Date 11 Mar 1997 10:37:30

              Clinton Looks to Churches to Support  
                      Welfare Reform Program 
                          by Tracy Early 
                 Ecumenical News International   
NEW YORK--President Bill Clinton is looking to the country's churches to 
support his program of moving people off welfare and into jobs. 
     Clinton chose the significant setting of Riverside Church, New York, 
to make his appeal Feb.  18 to the churches. Riverside, a large 
interdenominational congregation, has long been a leader in liberal causes 
in the United States. 
     Clinton, who has promoted himself as a new-style, more centrist 
Democrat, was widely criticized last year by his liberal supporters in the 
churches and elsewhere for signing a bill passed by the 
Republican-controlled Congress and designed to end many traditional 
guarantees of government assistance.  
     He has acknowledged that more jobs must be found for those forced off 
welfare and has called on churches, other nonprofit organizations and 
businesses to help provide the jobs. 
     At Riverside, Clinton suggested that if even half the larger churches 
would employ one person on welfare, that would do a lot to make his reform 
program work.  
     Clinton apparently decided to spotlight Riverside when he learned from 
its pastor, the  James A. Forbes Jr., that it was itself hiring a number of 
former welfare recipients and launching a new "partnership of hope" program 
to help others obtain jobs.  The church was  ready to enter into 
partnership with Clinton to achieve "emancipation from  poverty," Forbes 
     Clinton was joined at Riverside by a number of panelists chosen to 
speak about the welfare situation from different perspectives.  

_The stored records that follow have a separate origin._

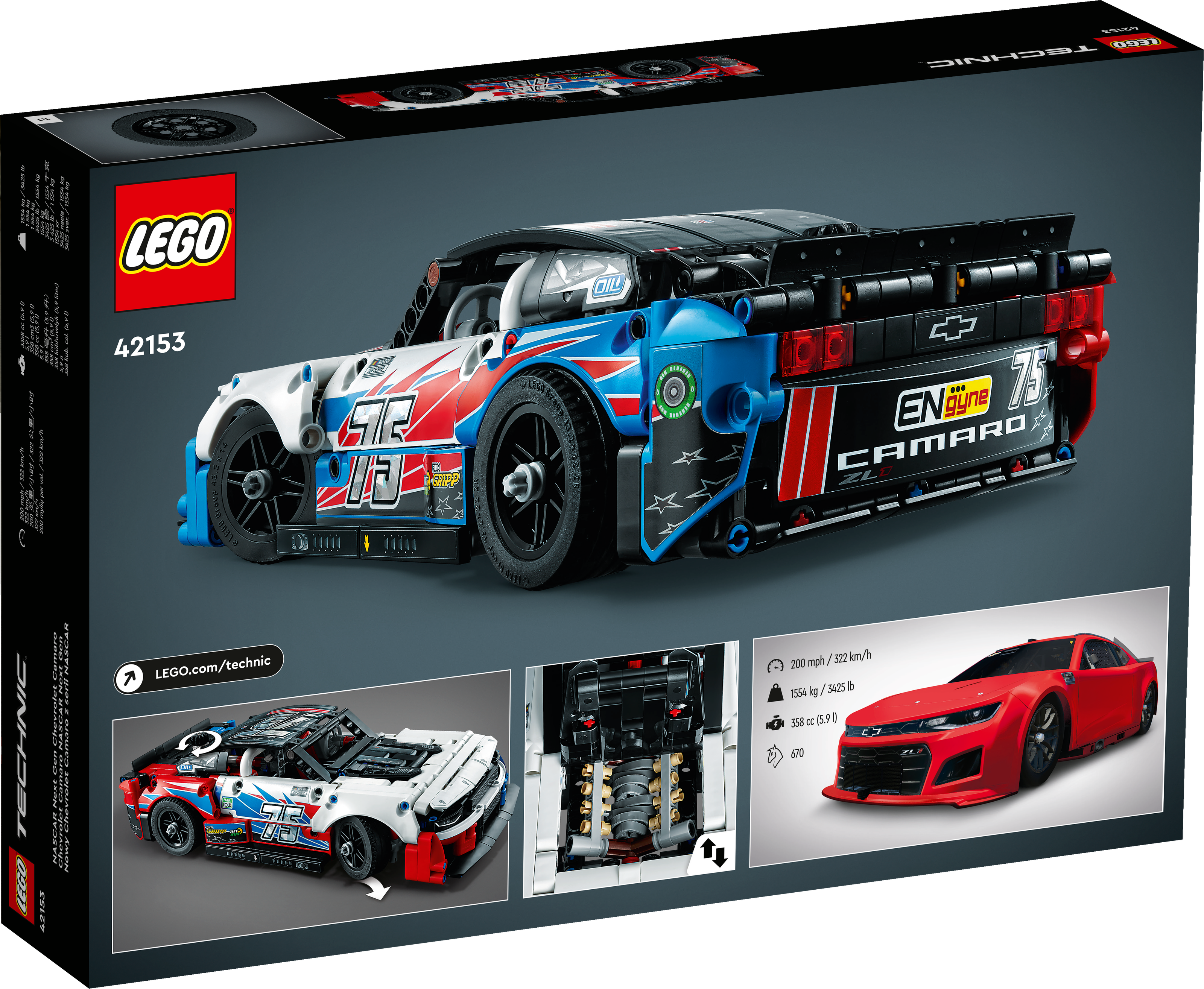 LEGO® Technic NASCAR® Next Gen Chevrolet Camaro ZL1 (42153); Bau- und Spielset; fesselndes Bauprojekt für Kinder ab 9 Jahren, die Spielzeug-Rennautos und Sammlerstücke lieben (672 Teile)
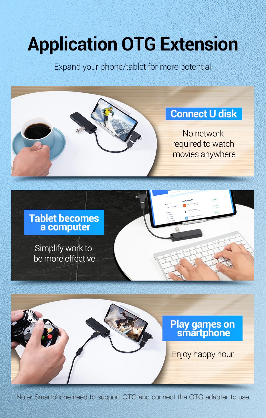 Opmerking: Smartphone moet ondersteuning OTG en sluit de OTG adapter te gebruiken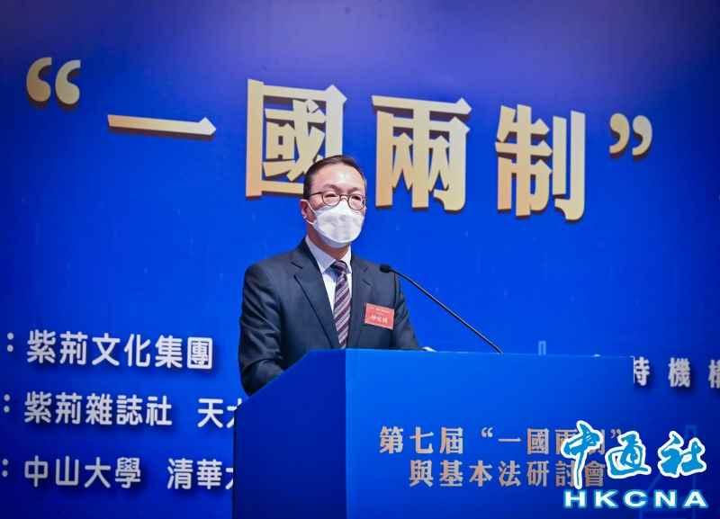 香港特區律政司司長林定國資深大律師31日在紫荊雜志社第七屆“一國兩制”與基本法研討會上致辭。香港中通社圖片 香港特區政府律政司司長林定國致辭表示,要推廣法制教育,培養每一位市民成為國家憲法秩序的尊重者、遵守者。中共二十大修改黨章,關於港澳“一國兩制”部分,新加入“全面準確、堅定不移貫徹一個國家、兩種制度”。他相信,“堅定不移”是最清楚、最強烈的方式,表達對香港實行“一國兩制”方針不變的決心,必須“全面準確貫徹落實”,香港居民應自覺尊重維護國家根本制度。 政務司副司長卓永興致辭表示,憲法與基本法共同構成香港特區的憲制基礎。新一份施政報告中公佈,由政務司司長領導的基本法推廣督導委員會將改名為憲法和基本法推廣督導委員會,反映特區政府對推廣憲法工作的重視,並會進一步推展憲法、基本法和香港國安法的宣傳教育。 全國人大常委譚耀宗以“二十大精神為基本法落實指引方向”為題發表視頻演講。他說,貫徹落實好基本法,是香港最大的制度優勢和自信,“一國兩制”是中國共產黨的偉大創舉,也是社會主義現代化中重要的組成部分,只有正確認識憲法和基本法,才能推動“一國兩制”行穩致遠。 二十大報告指要推進祖國統一及解決台灣問題。譚耀宗說,“一國兩制”的初衷就是為了和平解決台灣問題,所以香港的“一國兩制”越是成功,基本法落實得越好,越有利於祖國和平統一,有利於人心回歸。 全國人大常委會香港基本法委員會副主任譚惠珠以“新時代新征程”為題作演講時指,香港要回應新時代的呼喚,充份發揮“一國兩制”的優勢,走上建設社會主義現代化國家的新征程。在國家發展的新征程中,香港要成為推動國家經濟發展的引擎,做到國家所需的“聯通世界的開放”,這是內地城市暫未能做到的。 【編輯:馬華】

          Paul H. Sherry, president of the United Church of Christ and one 
of the panelists, told Clinton the churches were "eager to enter into 
partnership."  But he also called for greater efforts to tell the nation 
how serious the  problems of poverty were and to secure a national 
commitment to "the well-being of families and children."  

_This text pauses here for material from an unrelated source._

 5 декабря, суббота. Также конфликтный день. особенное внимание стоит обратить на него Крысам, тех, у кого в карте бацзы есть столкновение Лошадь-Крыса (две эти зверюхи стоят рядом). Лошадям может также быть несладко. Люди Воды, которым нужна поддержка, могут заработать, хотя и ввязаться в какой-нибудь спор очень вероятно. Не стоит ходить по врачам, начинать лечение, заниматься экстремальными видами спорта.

          Clinton defended his action in signing last year's welfare bill 
after one man charged it would destroy a "safety net" needed by many people 
but acknowledged, however, a need for a  change to restore benefits the 
bill denied to legal immigrants. Clinton also said he opposed rules that 
would make people on welfare attending college withdraw to take jobs.  
          By coincidence, the executive board of the National Council of 
Churches (NCC) was meeting at the nearby Interchurch Center at the time 
Clinton was at Riverside Church and accepted an  invitation to send a 
delegation to join some 200 people invited to the  presidential appearance. 
Craig B. Anderson, an Episcopal bishop, the president-elect of the NCC, 
told ENI  that the event had been "helpful" and that he had found the 
president "open."  
          But he warned: "The church can do a limited amount, but it cannot 
carry the weight of what's being asked for."